I've been through 4 pairs of wellies this year, granted they were all around the £15-20 mark but it's clearly a total false economy. 
Can you please help me, I've been searching online and my head is spinning with the choice 

What wellies do you love, what have been a disappointment and why? 
I'm going to get some for Christmas (max £100) and want some that last a good few years, ideally. I wear them every day for at least 6 months of the year.

I know Hunters are now made in China and are to be avoided. I was thinking about Aigle Parcours... What do you think?

Any advice would be gratefully received x


----------



## Elles (Aug 15, 2011)

I have the Aigle Parcours, love them and with horses and a dog I spend most of my time wearing them. I've tried loads of others and these are the best so far by a mile and are lasting well. Other people may have different experiences of course.


----------



## Barkers Pet Services (Sep 21, 2015)

Ah that's great, thanks so much for your response. 
Parcours are looking good


----------



## toffee44 (Oct 21, 2011)

Just killed second pair of aigle parcours ARGH. (Both pairs lasted 2 years) 

I'm gonna look at Dunlop boots there is a larger range online.


----------



## toffee44 (Oct 21, 2011)

Must stress I ride in them a bit. Prob the reason I kill them


----------



## Barkers Pet Services (Sep 21, 2015)

Well I've gone and bought some wellies, They've literally been delivered this evening.
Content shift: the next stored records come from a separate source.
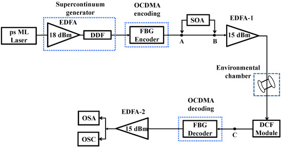 The experimental setup that we used for our investigation is shown in Figure 1. Here, the ps ML Laser produces a 1.8 ps single wavelength (1545 nm) optical clock at OC-48 rate (bit-width equal to ~400 ps), which is then passed through an optical supercontinuum generator (OSG) by PriTel, Inc. (Naperville, IL, USA). The OSG consists of a high-power erbium doped fiber amplifier and dispersion decreasing fiber (DDF). The optical clock from the ps ML Laser that was centered at 1545 nm after the amplification by an 18 dBm erbium doped fibre amplifier (EDFA) is injected into approximately a 1 km long DDF. This way, a 3.2 nm wide optical supercontinuum is generated in a spectral region of 1550–1553.2 nm. The supercontinuum is then spectrally sliced by an OCDMA encoder (OKI Industries, Saitama, Japan), which is based on four FBGs (central frequencies are: λ1 = 1551.72 nm, λ2 = 1550.92 nm, λ3 = 1552.52 nm, λ4 = 1550.12 nm) matching the 100 GHz ITU grid. The physical separation of individual FBGs is such that the encoder generates a following 2D-WH/TS OCDMA code: (1-λ2, 21-λ4, 24-λ1, 39-λ3). Here, the integer number leading λi represents the order of the time slot (called a chip) containing the carrier λi within the 400 ps long bit-width. This OCDMA code is then amplified by 15 dBm EDFA-1 and is transmitted through a 19.5 km long fibre spool that is located inside of the environmental chamber (SM-32C from Thermatron Industries, Holland, MI, USA).
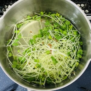 貝割大根は、根元を切ったあと半分に切り、先に沸かしておいたお湯で、さっと茹でます。
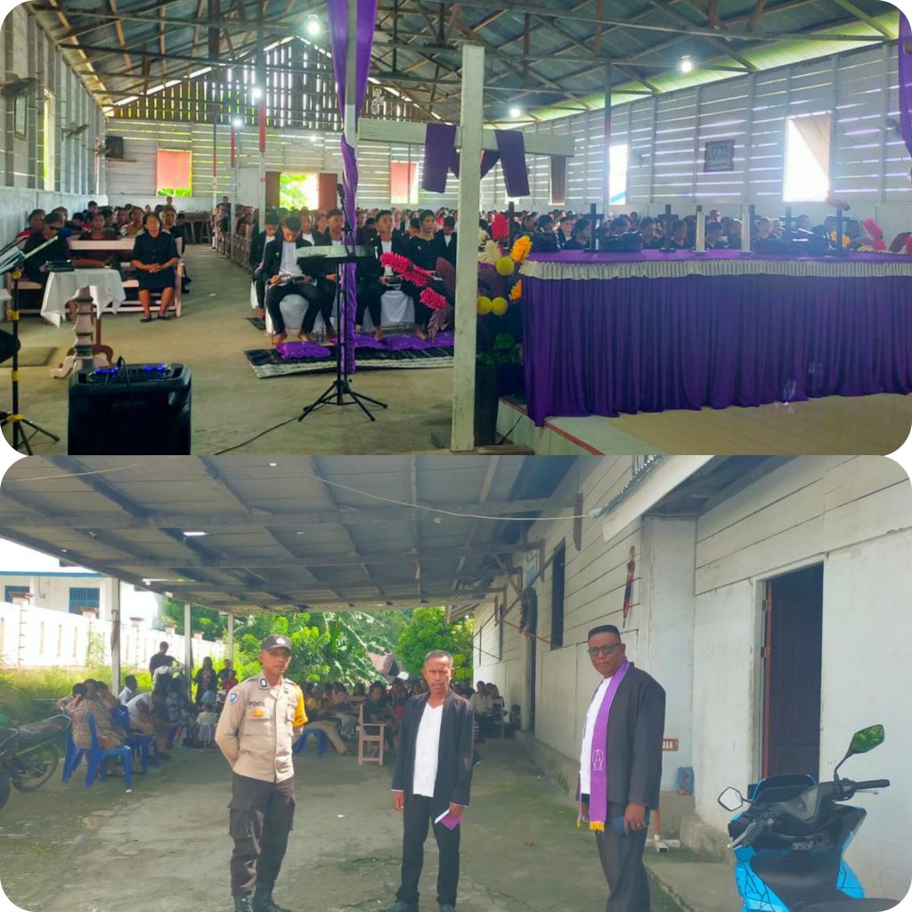 “Kami memastikan seluruh rangkaian ibadah, terutama momen Peneguhan Sidi baru berjalan khidmat tanpa gangguan. Bhabinkamtibmas harus hadir sebagai pelindung dan pelayan Masyarakat” tegas Kapolsek.
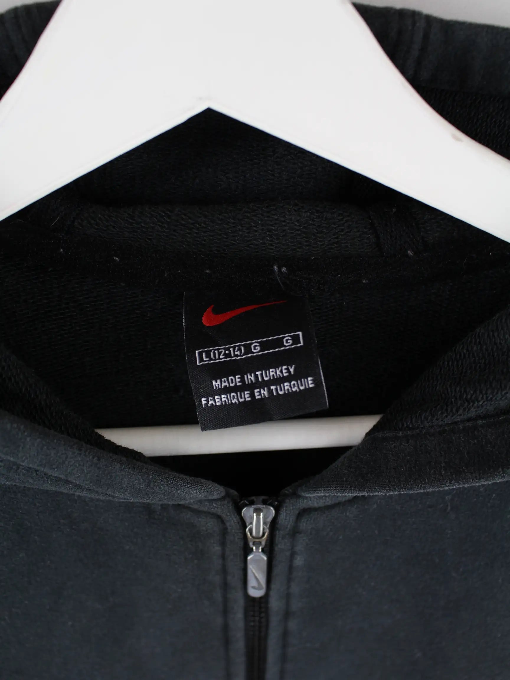 Schwarzer Hoodie mit Zip der Marke Nike in Größe L. Er ist aus einer Baumwollmischung . Den Zustand würden wir als 'In Ordnung' bezeichnen (vergl. Bilder).
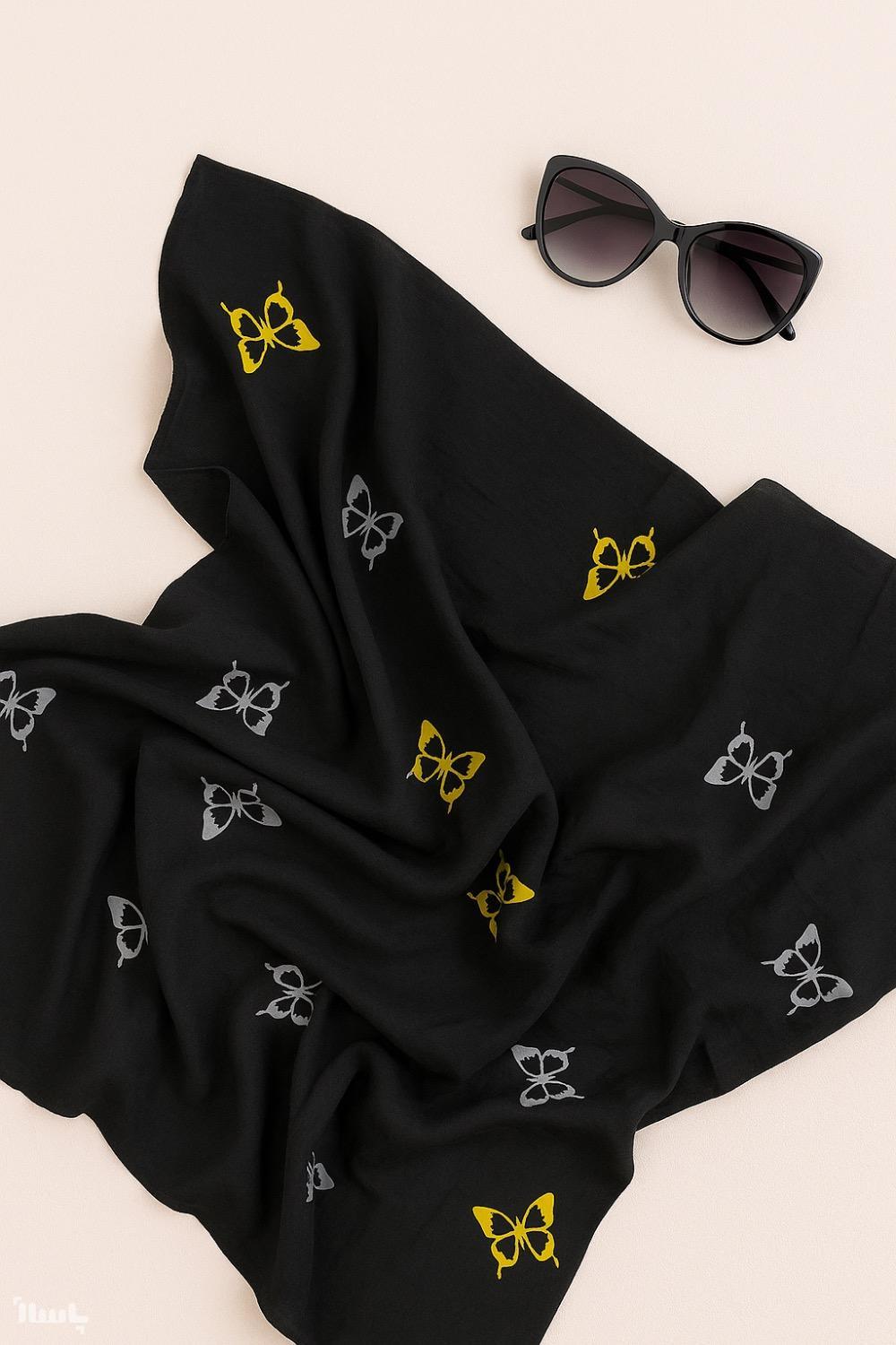 مینی اسکارف 70 در 70 مشکی طرح پروانه
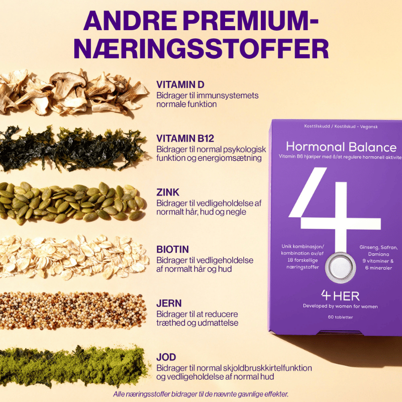 4 HER Hormonal Balance er et kosttilskud til kvinder, der indeholder vitamin B6 og zink. Vitamin B6 bidrager til at regulere hormonaktiviteten og bidrager til at mindske træthed og udmattelse. Zink bidrager til en normal frugtbarhed og reproduktion. I en travl hverdag kan svingende hormoner påvirke både energi og overskud; dette veganske tilskud indeholder desuden planteekstrakter såsom damiana og ginseng.
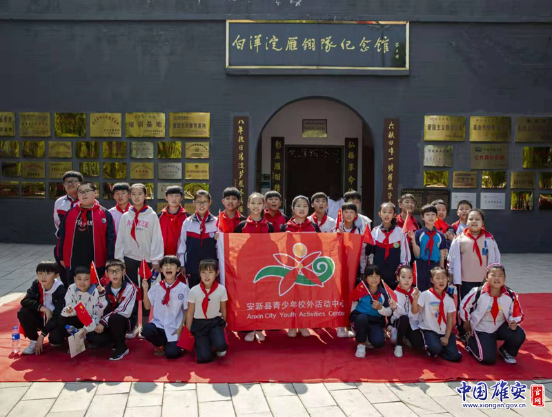 孩子们在白洋淀雁翎队纪念馆门口合影留念。中国雄安官网发
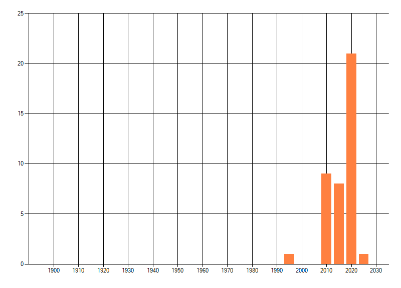 Het aantal atlasblokken (5x5 km) waarin de soort is gemeld binnen een periode van vijf jaar (vanaf 1980) of twintig jaar. Niet gecorrigeerd voor waarnemersinspanning en het aantal doorgegeven waarnemingen kan sterk variëren per periode, dus een trend in verspreiding kan hier niet direct uit worden afgelezen. Het opgegeven jaartal is het eerste jaar van de periode. Bron: gevalideerde waarnemingen uit de NDFF.
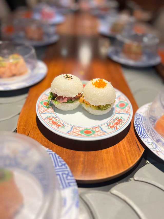 - Rice ball with spring onion, avocado, cream cheese, sesame
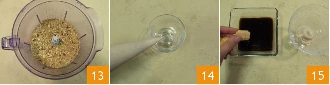 Den Mixer laufen lassen, bis eine krümelige und etwas grobe Mischung entstanden ist 13. Dann die Gläser bereitstellen und mit der Zusammenstellung beginnen. Etwas Creme auf den Boden des Glases drücken 14, dann die in 2 oder 3 Teile gebrochenen Löffelbiskuits kurz eintauchen 15;
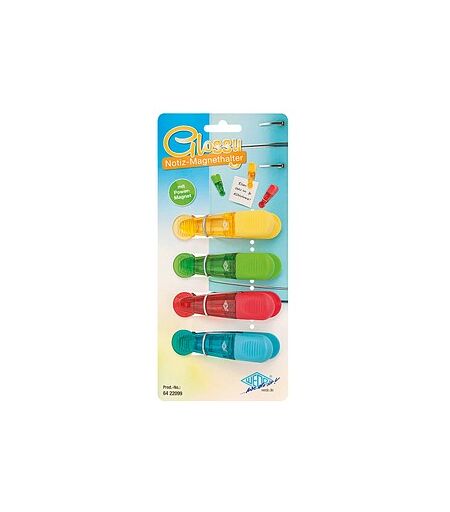 Die praktischen WEDO Klammern haben Ihre Notizen und Botschaften fest im GriffEgal ob Fotos als Dekoration oder Notizen als Erinnerung: Die bunten Notiz-Magnethalter von WEDO halten Ihre Zettel zuverlässig an Ort und Stelle. Die praktischen Klammern aus Kunststoff mit Softtouch-Griffflächen strahlen in schönen transparenten Farben. Ausgestattet mit einem starken Magneten haften sie auf allen metallischen Oberflächen und machen so zum Beispiel Kühlschränke oder Magnettafeln zu echten Hinguckern. Die Lieferung erfolgt im 4er-Set mit je einer Klammer in Gelb, Grün, Rot und Blau. Die Notiz-Magnethalter mit den Maßen 8,4 x 4,0 x 2,1 cm (HxTxB) halten bis zu 100,0 g Papier.Schaffen Sie mit den WEDO Notiz-Magnethaltern Ordnung oder hinterlassen Sie wichtige Nachrichten gut sichtbar. Bestellen Sie die bunten Klammern doch gleich hier im Online-Shop. Ihr Kühlschrank oder Ihre Magnettafel wird sich über schicke Gesellschaft ganz sicher freuen! ...
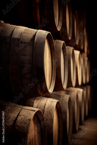 Naklejka premium Rows of wooden sherry barrels bask in soft light, creating a warm and inviting atmosphere Generative AI
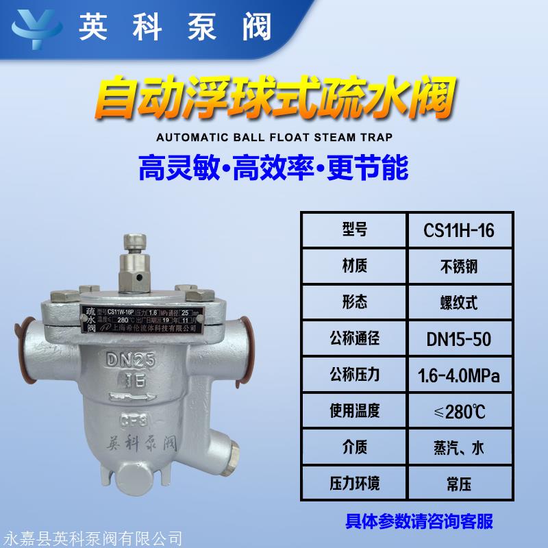 浮球式疏水阀CS11H,根据浮力原理,阀体内的浮球随着水位的变化而上下移动,从而实现阀的开闭,即起到排汽,堵水的功用蒸汽。

After much research I've gone for Rockfish in the end.
I was a moment away from clicking the 'buy now' button for a pair of parcours but I suddenly thought they looked as though they might not slip off easily - I go in and out of people's houses each day collecting/dropping off dogs for walking and take off my (muddy) wellies at the door so I'm constantly dragging them on and off.
They fit lovely and initial thoughts are that I'm extremely happy but only time will truly tell.
I really appreciate the replies. If I get 2 years out these I'll be happy as I got them half price on Amazon - bonus!


----------



## Ninki99 (Jan 5, 2016)

My favourite by far is any Ariat boot. They can be a bit expensive, but once I took the plunge I never looked back and my feet have never been happier. I do loads of ground work every day with various horses so I spend a lot of time on my feet.


----------



## KnutsfordVets (Jan 19, 2016)

Hunters definitely not what they used to be!


----------



## FeelTheBern (Jan 13, 2016)

Boots for horses? Sounds adorable.


----------



## KMSolomon (Nov 15, 2013)

I feel your pain! I got some Muck Boots, Artic Adventure boots at christmas and I wear them for the horse duties/gundog training/dog walking! They are so light, comfortable and warm. Defy exceeded my expectation, they was £90 and I absolutely love them. Cant recommend them highly enough,


----------